Opening shots


Jim Emerson is compiling a list of the most famous opening shots in movies. You can read some reader and Emerson nominations on his blog. If you're a movie buff, you can try your hand at Emerson's opening shot quizzes one and two (the answers are here and here, respectively). The second quiz is much much easier than the first and is a good test of your classic movie familiarity quotient.


I look forward to the companion piece, Parting Shots. Famous pening and closing shots are like opening and closing lines in books. Good ones condense the essence of the entire work into very little.


Last year I saw Antonioni's The Passenger at the New York Film Festival, just prior to its re-release on DVD. It contains what would be one of the top 5 spots on my list of best parting shots. In one, long, unbroken shot of some seven minutes, Antonioni reprises the entire movie. The shot is mysterious from a literal perspective: what happens, and how did they shoot it?
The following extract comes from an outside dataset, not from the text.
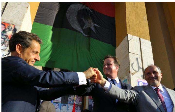
Image: France helped NATO successfully hand Libya over to Al Qaeda terrorists who - with NATO support - would use it as a springboard to attack Syria. The ultimate goal is to use Al Qaeda terrorists to overrun Iran, then southern Russia and western China.

But it is also symbolically elegant. As the camera escapes through the "prison" bars of the room, we revisit reporter David Locke's (Jack Nicholson) escape into another man's identity, that of a dead gun-runner. But as the camera glides towards freedom, it is pulled back around and re-enters the hotel, bringing us back into the room. Some things you just can't escape, and one can read that final shot in numerous ways. It is pregnant with meaning.


The new DVD release contains a 126 minute version of the film, longer than the 118 minute version on an earlier MGM cut. Antonioni has described an even longer cut of two hours and a half that he prefers, but that may never see the light of day.